# [Aim of the exercise]
An exact reproduction of the listing, minus the pictures, is the required output.

# [Given data]

⁂

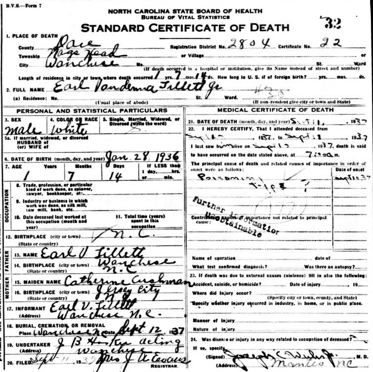 | Tillett, Ronald H. "Ronnie" | Sept. 25, 1934 | Dec. 30, 1936 | Sons of Andrew & Margaret [Double with Gerald R. Tillett] |
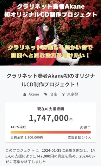 目標金額の120万を大きく超えて174万円!!みんな!本当にありがとう!!!!
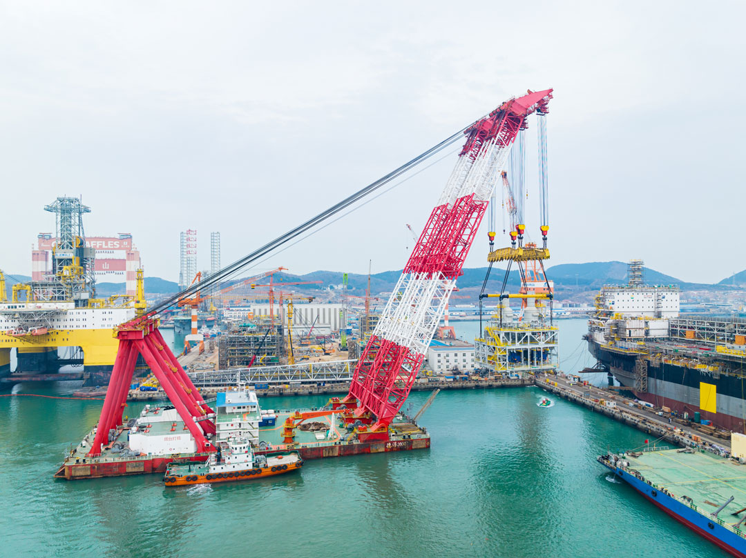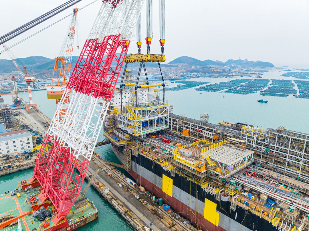 近日,中集來福士浮式生產儲油船(FPSO)重為3669噸的S20、2960噸的P60、2766噸的P20三大模塊吊裝完成。巨力索具為其提供了承載量為3000噸、2500噸的平衡梁梁式吊具、卸扣、無接頭繩索等產品,并為保證吊裝的順利進行制訂了嚴謹的吊裝方案。
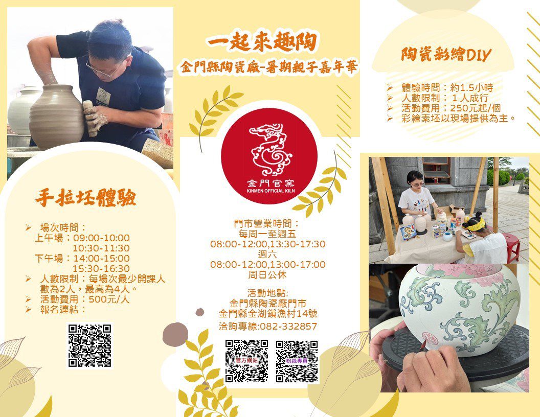 「陶瓷彩繪DIY活動」適合各年齡層,材料費 250元起/個,於門市開放時間皆可預約體驗,體驗時間須預留約1.5小時左右;「手拉坯體驗活動」場次時間為每週一至六上午兩場時段:09:00-10:00、10:30-11:30,下午兩場時段:14:00-15:00、15:30-16:30,考量學員手部穩定度,建議6歲以上較適合本課程(6-12歲需一名家長陪同),如需協助老師將共同協助完成作品,費用為500元/人,手拉坯體驗活動採預約制,報名網址為 https://reurl.cc/AjYL9K ,名額有限,需於課前3天預約。暑假期間遊客眾多,建議及早規畫行程預約。如需了解更多活動詳情或預約參加,請聯繫金門縣陶瓷廠報名專線:082-332857。

⁂

# [Task result]
 | Tillett, Ronald H. "Ronnie" | Sept. 25, 1934 | Dec. 30, 1936 | Sons of Andrew & Margaret [Double with Gerald R. Tillett] |
 目標金額の120万を大きく超えて174万円!!みんな!本当にありがとう!!!!
 近日,中集來福士浮式生產儲油船(FPSO)重為3669噸的S20、2960噸的P60、2766噸的P20三大模塊吊裝完成。巨力索具為其提供了承載量為3000噸、2500噸的平衡梁梁式吊具、卸扣、無接頭繩索等產品,并為保證吊裝的順利進行制訂了嚴謹的吊裝方案。
 「陶瓷彩繪DIY活動」適合各年齡層,材料費 250元起/個,於門市開放時間皆可預約體驗,體驗時間須預留約1.5小時左右;「手拉坯體驗活動」場次時間為每週一至六上午兩場時段:09:00-10:00、10:30-11:30,下午兩場時段:14:00-15:00、15:30-16:30,考量學員手部穩定度,建議6歲以上較適合本課程(6-12歲需一名家長陪同),如需協助老師將共同協助完成作品,費用為500元/人,手拉坯體驗活動採預約制,報名網址為 https://reurl.cc/AjYL9K ,名額有限,需於課前3天預約。暑假期間遊客眾多,建議及早規畫行程預約。如需了解更多活動詳情或預約參加,請聯繫金門縣陶瓷廠報名專線:082-332857。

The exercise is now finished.